In the fire service, the same can be said about our great leaders. Heck, our leaders are actually teaching the leaders of big business in today’s society. But, just like those in history, our most revered fire service leaders know that there is a larger cause and purpose to what they do. The point is that these men and women do what they do for the good of the organization and the profession.
There are many concepts and theories about what makes an effective leader. Some argue that great leaders are born with a character trait that you can’t teach while others argue that they have learned traits from observation and experiences. Obviously, I, as do many others believe, that it is a combination of both and other factors that make a person a leader.
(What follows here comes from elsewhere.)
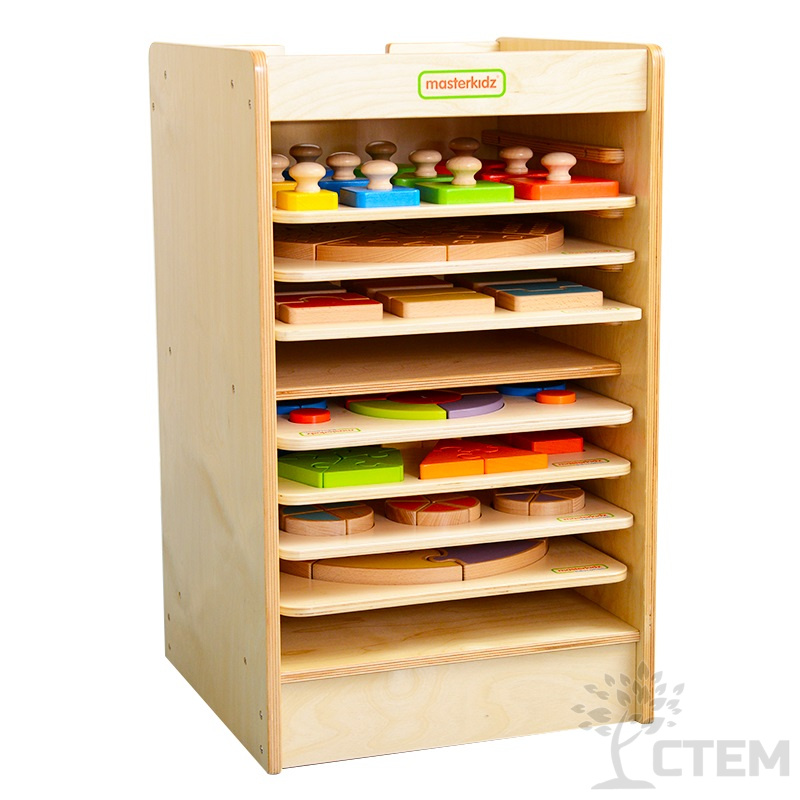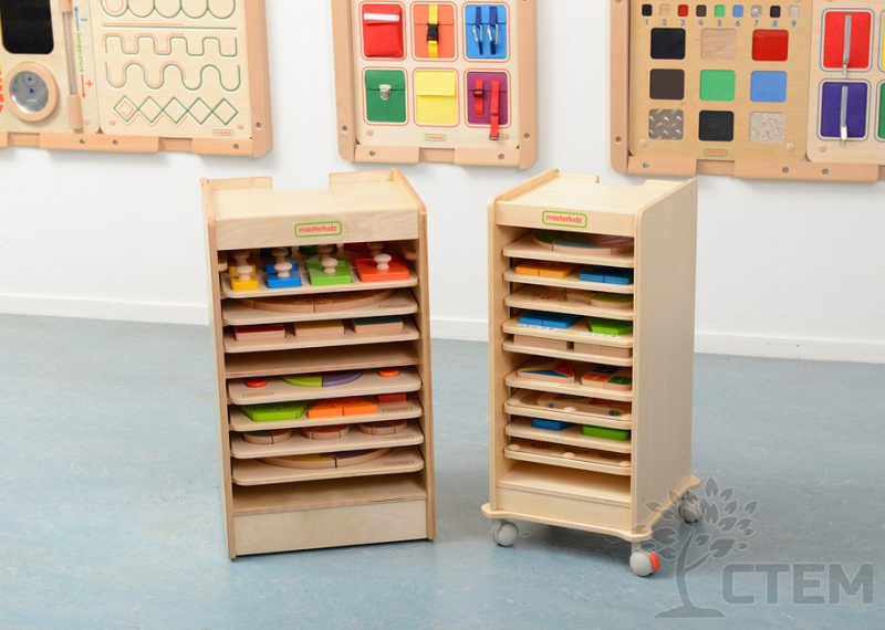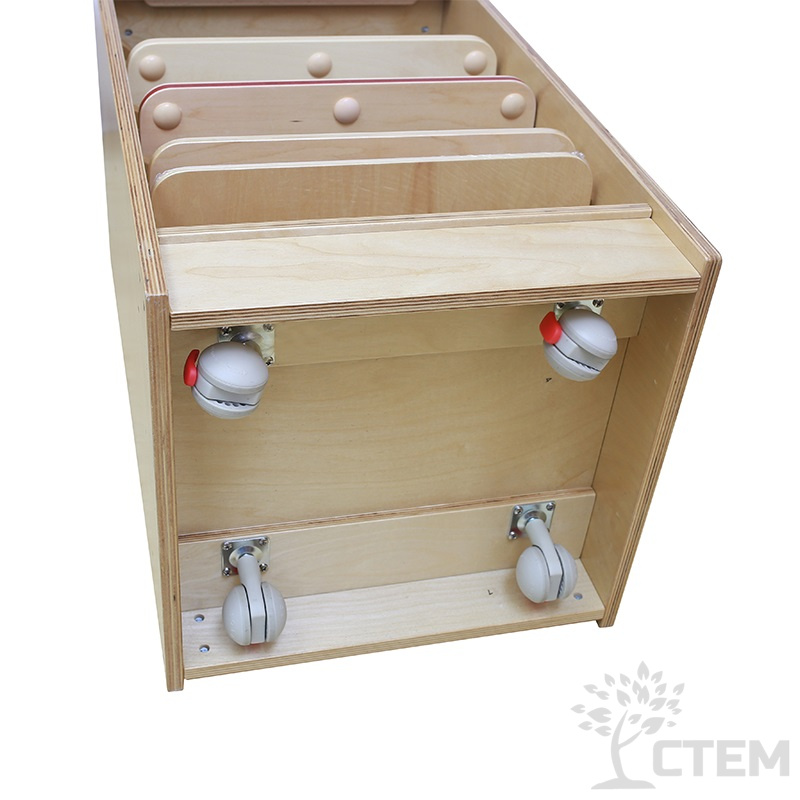 Стеллаж выполнен из березовой фанеры. Верхняя часть предназаначена для размещения панелей размером 38*28см. Внутри расположены 10 направляющих в виде полозьев для размещения игровых панелей. В комплекте идет дополнительная опорная панель с колесиками для удобного перемещения. Поставляется в разобранном виде с простой инструкцией по сборке. Размер в собранном виде: 41 х 41 х 69 см в высоту.

I have seen members of our profession believe that they are leaders because they deem themselves as such or because they hold rank. Neither qualifies that person as a leader. In fact, I would argue that if a person touts that he is a leader, the truth is likely that he is not.
For those that are true leaders, we must find and mentor those who obtain the skills and attributes of and effective leader. Our profession deserves and demands that our leaders be skilled, educated, knowledgeable and experienced. Self appointed leaders end up causing great problems within an organization and are typically self-promoting. Again, we need leaders who put the whole above themselves without any fanfare or spectacle. The people you supervise will give you notice on how well your doing by following your example and becoming extraordinary.
One concept that I truly believe that fire service leaders must understand is that they have to meet the needs of the members. Not give in or be submissive to avoid conflict. I mean that great leaders understand and recognize what their organization needs and can set a path to achieve those goals. This will require the leader to be dynamic and fluid and again, requires foresight and the understanding that the organization is most important.
Remember, if you do not meet the needs and are not on the same goal path as your followers, you will not be respected and you will not be an effective leader. You must obtain the respect of your people by being honorable, fair, just and committed. The best leaders typically will lead by example and the members see this in a positive light.
I guess the point I am trying to make is that rank and title do not “entitle” a person to be a leader. There are some great leaders who have never been promoted or who did not want promotion. On the other side, we have chief officers who are dysfunctional as leaders even though they have been promoted.
An effective leader understands that respect is earned and not demanded. Those who follow want to be led in the right direction and the organization will suffer if there are not adequate leaders at the helm.
Take pride in what you do. Have the integrity to do the right things when it is not popular. Be just and honest and you will become a great leader.